Pakkhus
Finland may be the land of a thousand lakes, but Norway is the land of a zillion festivals. Film, theatre and music of every denomination abound - there's even a seafood festival and a grandmother festival. Festival culture is the revenge of the little cities - now you have to actually visit them - and the new Momentum festival of contemporary art in the small and smelly industrial city of Moss is a case in point. This year the main exhibition - named Pakkhus after the empty factory that housed it - chose to zero in on the new Scandinavian art scene in the good-spirited and slightly unfocused way that befits a festival. No big theories were offered from the all-Scandinavian curatorial team, but then to claim innocence of what's happening is synonymous with Nordic romanticism. Yet certain trends did seem to surface.
It was a fine moment, for example, for Scandinavian design. In the first place, the somewhat unfortunately named 'Elephant Prize' for best work was given to the Danish artist collective N55, whose highly functional work for healthier and more democratic living seems to fit straight into the design category. Did the judges buy the package? Or did they get the joke? Was there a joke? With N55 it's hard to know. Their pieces are certainly very attractive, as if designed to mainline into the consumer vein of the 90s person. There's a sleek stainless-steel hydroponic unit for growing vegetables in your own apartment. It shines, it works, and emits a fluorescent light to match your trainers. There's a fridge-like stainless steel structure that is actually an air-purifier (but you'd want it even if it did no more than store your socks). There's a chair that moves like a continuation of your spine, and a system of lightweight steel units with which to build dwellings that need little heating or maintenance. However, all this eco-slickness is framed by a neo-Concep-tualist piece of art theory, based on a merciless step-by-step logic of the kind that can easily lead to stupid or dangerous conclusions. As airy and democratically multi-purpose as the designs, the initial thesis is: to talk about art one has to talk about 'persons and their meaningful behaviour with other persons and things in concrete situations'.

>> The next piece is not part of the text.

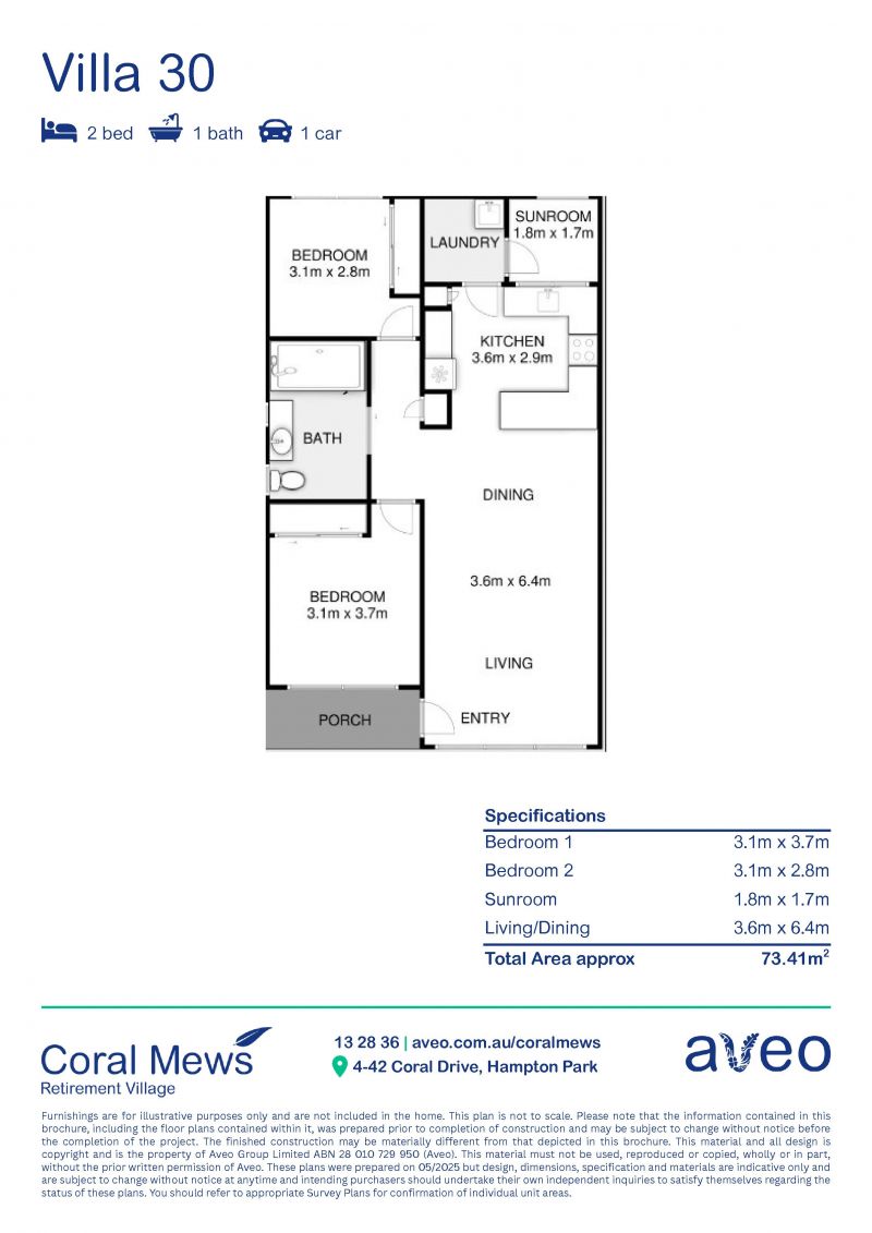 This beautifully presented villa offers comfort, convenience, and an inviting lifestyle within a vibrant community. Featuring a spacious living and dining area, two generously sized bedrooms, and a versatile combined sunroom and laundry, this home is designed for easy, modern living.

If it's hard to believe in N55 as a new generation of Beuys-democrats minus the dust and the sticky substances, it is precisely because of the shimmer and gleam of their product, which in fact distances it from their stated purpose by miles. But this design hysteria picks up a theme that runs through a number of other works in the show. It's present in the sound-sculptures of Tommi Grönlund and Petteri Nisunen, who have specialised in concentrating and refining the feeling of redundant ecstasy evoked by the hums and vibrations of the most rational of technologies. In a somewhat different vein, the duo Elmgreen & Dragset designed two square, freestanding bar areas for the ground floor: one for normal public use, the other, as stylish as the first, turned inside-out. As in an inverted or hysterical economy, the flow of beer runs on the outside, while the paying public would have had to be trapped on the inside, had there been access. As usual, the inside is an inaccessible phantasm - all you get is surface. In Michael von Hausswolff's Thinner Bar (1998), more Minimalist stainless steel surfaces set the scene for self-service substance abuse of the most humiliating kind. Giving reality to the notion of being elegantly wasted, it was another case of strict design economy springing a leak.

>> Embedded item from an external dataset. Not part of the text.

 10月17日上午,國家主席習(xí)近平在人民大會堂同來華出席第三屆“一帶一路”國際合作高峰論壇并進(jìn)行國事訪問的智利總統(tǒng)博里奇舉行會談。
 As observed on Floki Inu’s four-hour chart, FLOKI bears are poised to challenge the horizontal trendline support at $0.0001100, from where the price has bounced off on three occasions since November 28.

Lars Nilsson epitomised the whole thing with his way-larger-than-life 444-lightbulb chandelier, suspended near floor level and madly heating up the surroundings. Entitled The Triumph of Style (1998), it wittily projected the uncomfortable Nietzscheanism of Riefenstahl's Triumph of the Will onto a design object whose will to (electrical) power made it grow out of all sensible proportion. But this, as Nilsson well knows, is precisely the uncanny vernacular of style: always 'a triumph', it leaps out of bounds, it outshines itself. And in a sense many of the works in this exhibition seem to brush an economical design heritage against the darker victories of style. Consider, as extreme examples, the camp attitude worn to a slow and painful death in the works of Stig Sjölund and Tobias Bernstrup respectively. Or the whiff of voyeurism and violence in the photographs of Annika von Hauswolff, who brings the stylistic mannerisms of Helmut Newton to scenes peopled with mundane female characters - a case of high-concept scenography meets everyday indeterminacy. What her photographs lack in gloss, they make up for through their particular sense of closure, their secretive refusal to communicate. On the rather less inspired side were the hostess-like frolicking of the all-girl Icelandic Love Corporation.
Such 'triumphs of style' in no way sum up the whole of the exhibition, but N55's shaky meanderings between raw stylistics and ingenue idealism seemed like its decisive moment.